Chapter 7 Spatial Data
Compared to time series and longitudinal data, spatial data is indexed by space (in 2 or 3 dimensions).
Typically, we have point-referenced or geostatistical data where our outcome is \(Y(s)\) where \(s\in \mathbb{R}^d\) and \(s\) varies continuously. \(s\) may be a point on the globe referenced by its longitude and latitude or a point in another coordinate system. We are typically interested in the relationships between the outcome and explanatory variables and making predictions at locations where we do not have data. We will use that points closer to each other in space are more likely to be similar in value in our endeavors.
Below, we have mapped the value of zinc concentration (coded by color) at 155 spatial locations in a flood plain of the Meuse River in the Netherlands.

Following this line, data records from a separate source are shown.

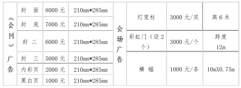 (三)凡給予大會贊助(含一個展臺位)金額達到2000元以上的企業(單位),送《會刊》三百字企業黑白文字宣傳,另送《會刊》2冊。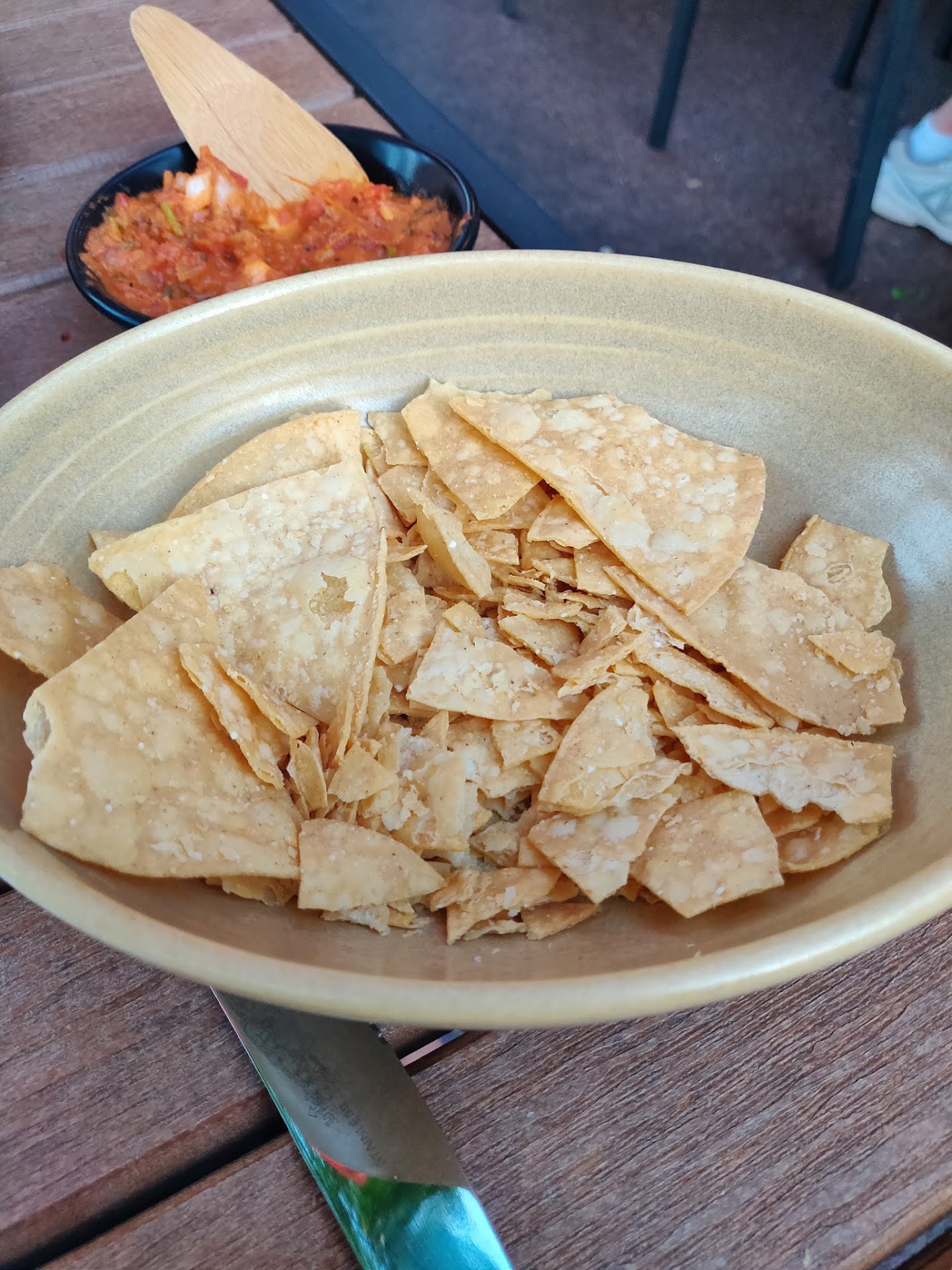 We wanted to try a new restaurant nearby and decided on Cocina Hermanas. Well, technically it was a second choice after Harvest had a 30 minute wait for an outside table. Turns out we should have waited. The restaurant is well decorated and the staff was pleasant. We were greeted immediately upon entering by the hostess who showed us to an outside table where we waited for our server Delia. About short time after a pleasant young man named Forrest with a bright red beard and hair dropped off some water, Delia came by to take our orders. We started with the Queso Fundido dip with chorizo. For mains, my lady opted for the mahi mahi ceviche, and I decided to try some appetizers including the elotes (street corn) and pork belly chicarones. We also tried their Pina Gordita margarita.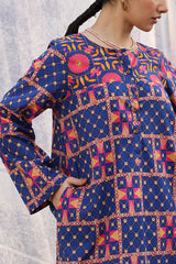 Classic-fit printed shirt with a round neckline and button detailing along the front placket, featuring side pockets for added comfort and ease. Paired with coordinated printed culottes.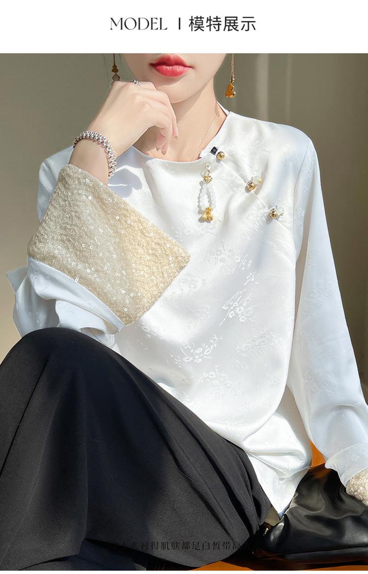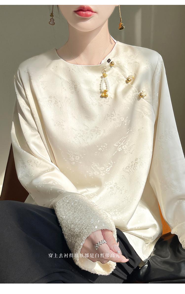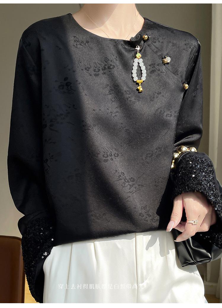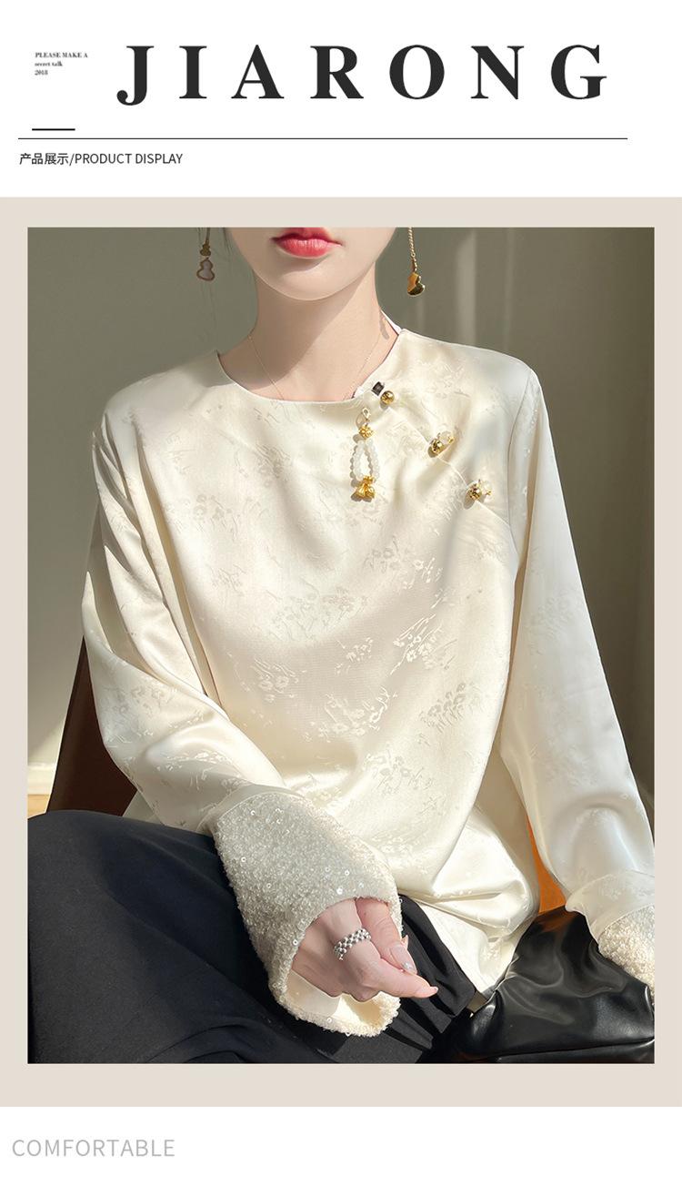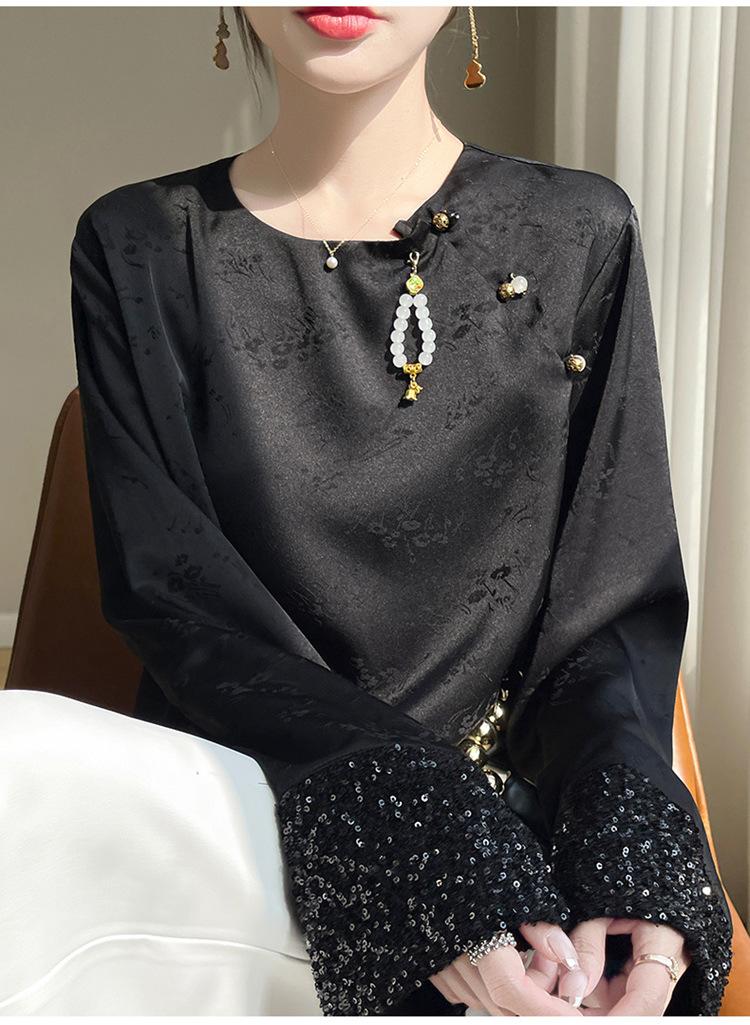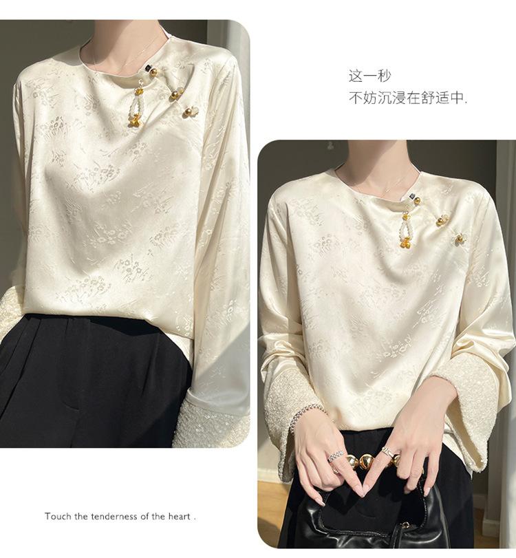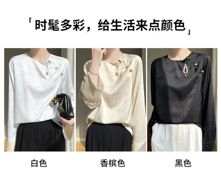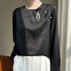 Satén de Seda 2025 Primavera y Verano Nuevo Cuello Redondo para Mujer Corto Moderno Nuevo Estilo Chino Estilo Nacional Top Camiseta Base

We might be interested in explaining the variation in zinc concentrations in terms of the distance to the river, flooding frequency, soil type, land use, etc. After building a model to predict the mean zinc concentration, we could use that model to help us understand the current landscape and to make predictions. Remember that to make predictions, we have to observe these characteristics at other spatial locations.
require(sp)
require(ggmap)
data(meuse)
ggplot(meuse, aes(x = x, y = y, color = zinc)) +
geom_point() +
scale_color_viridis_c() +
coord_equal() +
theme_minimal()
We may not be able to collect data at that fine granularity of spatial location due to a lack of data or to protect the confidentiality of individuals. Instead, we may have areal or lattice or discrete data such that we have aggregate data that summarizes observations within a spatial boundary such as a county or state (or country or within a square grid). In this circumstance, we think that spatial areas are similar if they are close (share a boundary, centers are close to each other, etc.) We must consider correlation based on factors other than longitude and latitude.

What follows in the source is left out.